E3 ubiquitin-protein ligases are a series of enzymes that catalyse the degradation of proteins by transferring ubiquitin to their substrates [5]. Because an increasing number of E3 ubiquitin-protein ligases plays oncogenic or anti-oncogenic roles in cancers, the important roles of E3 ubiquitin-protein ligases in the development and carcinogenesis of malignancies have been illustrated. Some E3 ubiquitin ligases are correlated with chemoresistance and may be potential cancer treatment targets [6, 7]. Therefore, it is necessary to explore hub E3 ubiquitin-protein ligases in HCC to identify new biomarkers and treatment targets.
The immune microenvironment, a crucial part of the tumor microenvironment, comprises many immune cells, such as T cells, natural killer (NK) cells, and macrophages [8]. Importantly, it is associated with cancer prognosis. For example, tumors with a regulatory immune microenvironment are usually associated with a dismal prognosis [9]. Recently, immunotherapy has been more widely used because of its excellent curative effect, which is associated with the components and mechanisms of the immune microenvironment. The targets of immunotherapy, such as PD-1, PDL-1, and CTLA4, are biomarkers of relevant immune cells in the immune microenvironment [10, 11]. Thus, exploring novel therapeutic targets associated with the immune microenvironment is critical to identify new treatment strategies for cancer.

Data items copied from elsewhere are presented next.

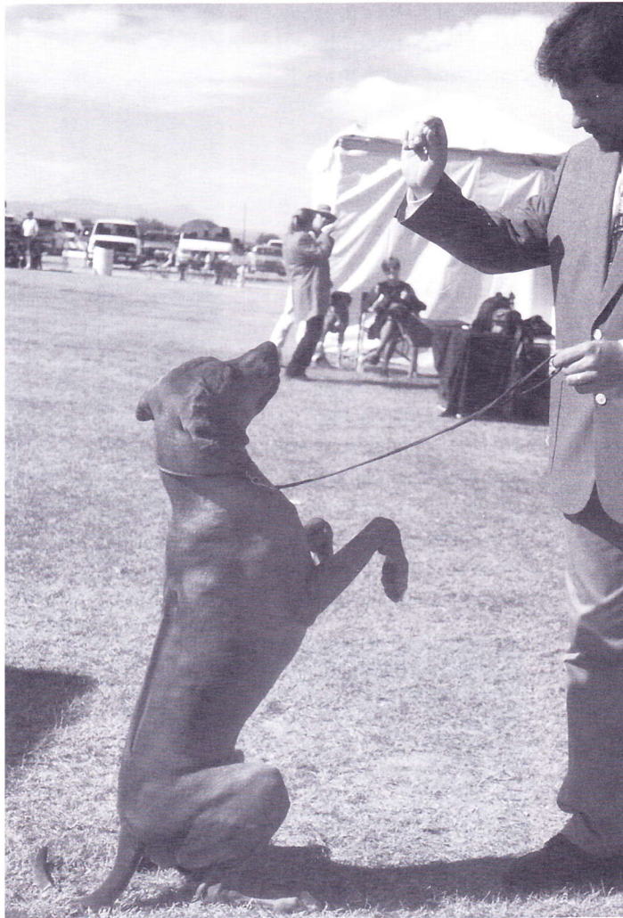
Showing off some trick dog skills!

W e couldn't be more proud of Kobe's accomplishments in the show ring and performance venues, but his enduring legacy is as an influential sire of his generation. With limited, carefully considered breeding, he was a RRCUS top ranked Stud Dog for seven years, including #1 in
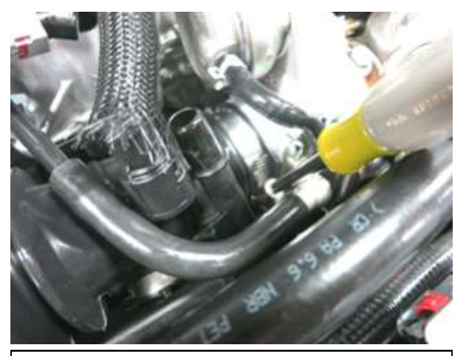
c. Loosen the hose clamp at the turbo side of the factory air hose.
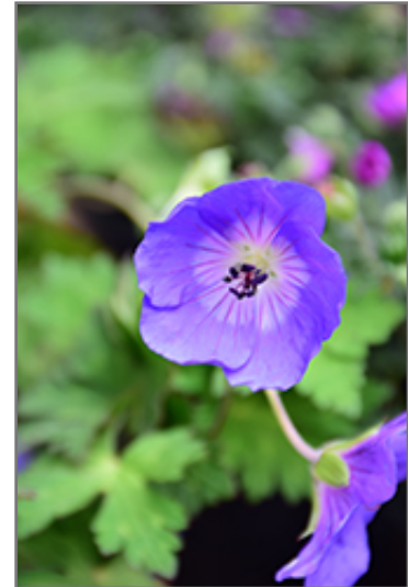
Rozanne Cranesbill flowers

Rozanne Cranesbill is an herbaceous perennial with a mounded form. Its relatively fine texture sets it apart from other garden plants with less refined foliage.
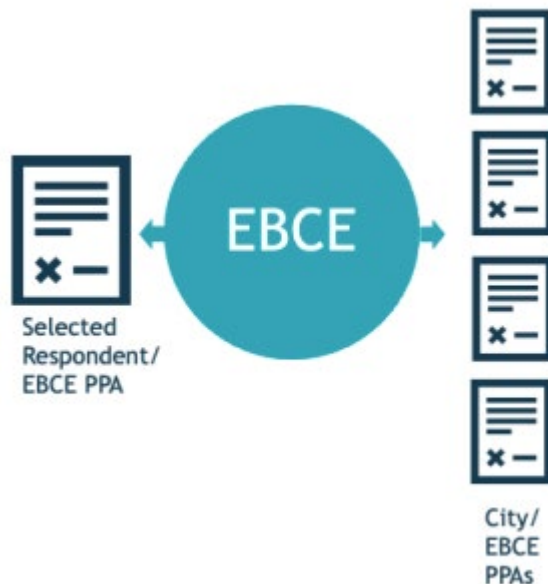
Figure 1: EBCE PPA Sleeve Structure

EBCE developed a standard PPA with the Phase 1 city attorneys that could be issued in a Request for Offers (RFO) so that developers would understand the terms of engaging with EBCE and our member agencies in this program.
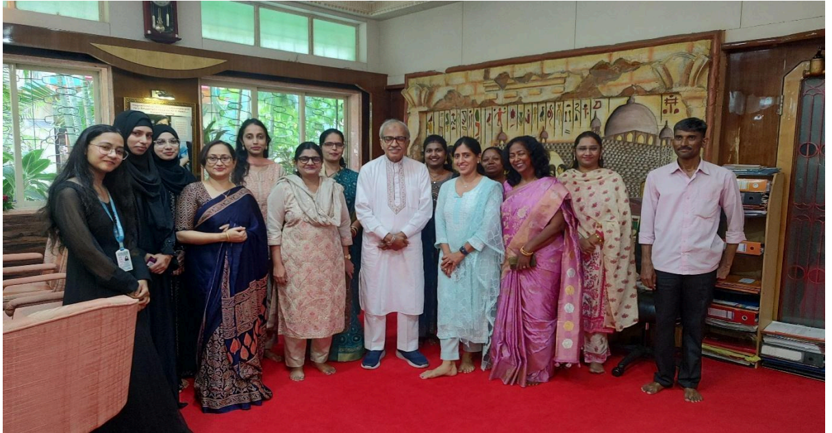
The Faculty with The Esteemed Founder Of our College.
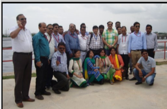
Participants at Amberpet STP

The Regional Centre organized a three day exposure visit on "E-Governance, Good Urban Governance and Solid Waste Management" from 7 th July to 9 th July 2015 for officials of Urban Local Bodies, Uttar Pradesh under Comprehensive Capacity Building Programme (CCBP). The main objectives of the exposure visit were: to discuss the initiatives being taken by the state government of Telangana on E-Governance, Good Urban Governance and Solid Waste Management; to see the best practices of Telangana State on E-Governance, Good Urban Governance and Solid Waste Management. The visit included a total of 22 delegates including Executive Officers, Engineers, Food & Sanitary Inspectors and other officers of ULB's of U.P.. All the participants were grouped in three categories mentioned below. The participants were first given theoretical knowledge followed by field visit on different subjects like Solid Waste Management Project in PPP Mode by Ramkay Enviro Engineers Limited (REEL), E-governance & Good governance initiatives at Greater Hyderabad Municipal Corporation, Sewerage Treatment Plant at Amberpet, Mee Sewa Kendra, etc. The programme was coordinated by Dr. Rajeev Narayan, Dy. Director and Dr. Nasruddin, Asst. Director, RCUES, Lucknow with active supported by Mr. Sudaksh Pandey, M & E Expert.

In the present study, we identified cell division cycle 20 (CDC20) as a hub E3 ubiquitin-protein ligase in HCC. Subsequently, we explored the prognostic value of CDC20 in HCC by analysing the mRNA-sequencing data and clinical prognostic information downloaded from several databases. Next, we analysed the relationship between CDC20 and immune cells in the immune environment using an online database. The outcomes illustrated an oncogenic role for CDC20 and a possible association between CDC20 and the tumor immune environment in HCC.
Materials and methods
Data and information
In total, 919 E3 ubiquitin-protein ligases were obtained from the Integrated annotations for Ubiquitin and Ubiquitin-like Conjugation Database (IUUCD) (http://iuucd.biocuckoo.org/), which contains information on different ubiquitinating and deubiquitinating enzymes [12]. The identifications of genes in this list were translated to official gene symbols by Perl language. The gene expression data and corresponding clinical information of 231 HCC patients were acquired from the International Cancer Genome Consortium (ICGC) database (https://dcc.icgc. org/projects/LIRI-JP) [13]. All the patients in the ICGC cohort were from Japan. Other RNA-sequencing data on CDC20 and the prognostic data on an additional 371 HCC patients were obtained from The Cancer Genome Atlas (TCGA) database up to January 3, 2021 (https://portal.gdc.cancer.gov/) [14]. Additionally, other expression data on CDC20 and the clinicopathologic features of HCC patients were downloaded from the “GSE14520”, “GSE45267”, “GSE76427”, and “GSE121248” datasets in the Gene Expression Omnibus (GEO) database (https://www.ncbi.nlm.nih.gov/geo) [15]. Immunohistochemical figures were obtained from the Human Protein Atlas (HPA) database (https://www.proteinatlas.org/).
Identifying hub E3 ubiquitin-protein ligases
We explored differentially expressed E3 ubiquitin-protein ligase genes by considering the intersecting genes of E3 ubiquitin-protein ligases and differentially expressed genes (DEGs) in the ICGC (log FC > 2). The protein-protein interaction (PPI) network of the intersecting genes was analysed through using STRING (https://www.string-db.org/) [16]. The degrees of each intersecting gene in the PPI network were calculated by utilizing Cytoscape software (https://cytoscape.org/) [17]. The gene with the most degrees was identified as the hub E3 ubiquitin-protein ligase in HCC.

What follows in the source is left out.